Redpine & Solo’s Influences Playlist

redpine & solo influences

Redpine & Solo (aka: John Stuckey & Sam Moss) return after a brief hiatus, although they’ve been far from absent from the wider drum & bass scene.

Solo joined the License to Jungle crew following a plethora of performances at the renowned venue The Old Red Bus Station in Leeds. Playing host to the likes of Fracture, Om Unit, Dom & Roland, J Majik, Mantra, Dillinja, Klute and Ant TC1, it was inevitable the club night would go on to announce their own platform for releasing music. And whilst Solo may have been keeping the world of music entertained, Redpine was living in sonic solitude to work on his own Workshop and Design Studio. However, they now join forces once more for their collaborative effort Redpine & Solo, which sees them pulling together their immense skillsets for a brand-new EP on Studio Rockers. A place both artists have frequently called home.

To celebrate its release, we’ve asked Solo to give us the top ten tracks in his playlists this week. Take a listen and see how these artists have helped influence their brand-new EP, which you can buy now.
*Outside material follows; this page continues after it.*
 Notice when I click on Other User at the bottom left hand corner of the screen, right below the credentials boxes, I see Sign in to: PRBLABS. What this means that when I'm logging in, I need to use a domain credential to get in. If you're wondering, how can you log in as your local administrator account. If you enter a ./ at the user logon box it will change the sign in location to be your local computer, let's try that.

Instra:mental – Pacific Heights

The Autonomic era was hugely influential for me. It encouraged me to explore more melodic ideas and opened my eyes to half-time drums and a whole host of amazing rhythms. This track by Instra:mental is one of my favourites from this period and I feel it’s a great example of the sub-genre.

Kid Drama – In Mind

‘In Mind’ by Kid Drama (one half of Instra:mental) is another superb piece of music. The breakdown, consisting of those melancholy synths, is one of the most emotive sections of music I’ve heard. I still love it as much as when I first heard it.

dBridge – Rendezvous

I couldn’t talk about the Autonomic sound without including its other originator, dBridge. ‘Rendezvous’ is another great example of this hugely influential sub-genre. The detuned synths, call-and-response melodies, and drum work are all elements we draw from in our Redpine & Solo compositions.
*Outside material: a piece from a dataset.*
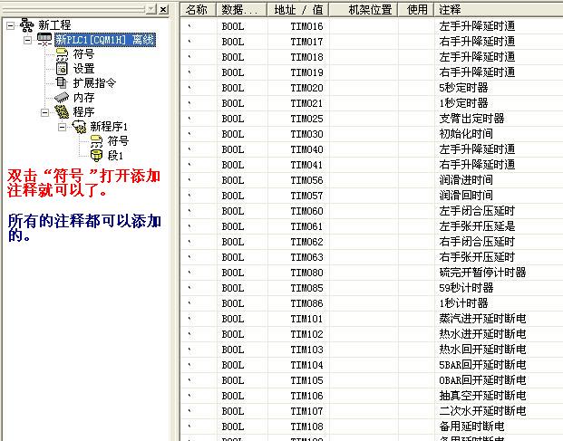從PLC上載的程序,輸入都可以添加注釋,輸出的定時(shí)器加不上,其它可以,用的是CX-Programmer5.0(中文版),CQM1H-CPU21,請(qǐng)各位指教,謝謝!

Roni Size & Reprezent – New Forms

I was 10 when the New Forms album came out, which helps to explain why it wasn’t on my radar until the early 2000’s (when I was about 13/14). This album opened the door to Drum and Bass for me, so its essential to recognise its huge influence. The track ‘New Forms’ is a beautiful example of the melting pot of different styles, which is something we aim for with our own music.

J Majik- Your Sound Remix

It was hard to narrow down which Metalheadz tracks had the biggest impact on me, but the remix of ‘Your Sound’ was so mind-blowing when I first heard it that I think it stands out. Everything about the track, from the drums to the bass, to the atmosphere is shockingly good.

Seba & Paradox – Fire Like This

Another hard one to narrow down was which Paradox track to include, and to be honest it could have been nearly any of them! He is the undisputed king of breakbeats in my eyes. ‘Fire Like This’, with long-time collaborator Seba is one of many great examples of how to manipulate a break. Highly recommend seeing Paradox live too – you will not be disappointed.

Cliff Martinez – Don’t Blow It

Cliff Martinez’s soundtrack for the remake of Solaris managed to turn a very average film into something far more engaging. The OST is a really good listen from start to finish and I would highly recommend it. I think my love of melodic percussive instruments like Gamelan’s developed from listening to this soundtrack.

Hot Water Music – Drunken Third

To pay homage to my influences outside of electronic music I’ve picked Hot Water Music’s ‘Drunken Third’. A lot of this sort of angsty punk rock shaped my early teenage years and developed my interest in songwriting, which led me to get a shit PC and a cracked version of Reason. There aren’t that many bands from those early years that I can still really enjoy, but HWM is one of them. Honourable mentions include Fugazi, Snuff, Guns N’ Wankers, and Leatherface.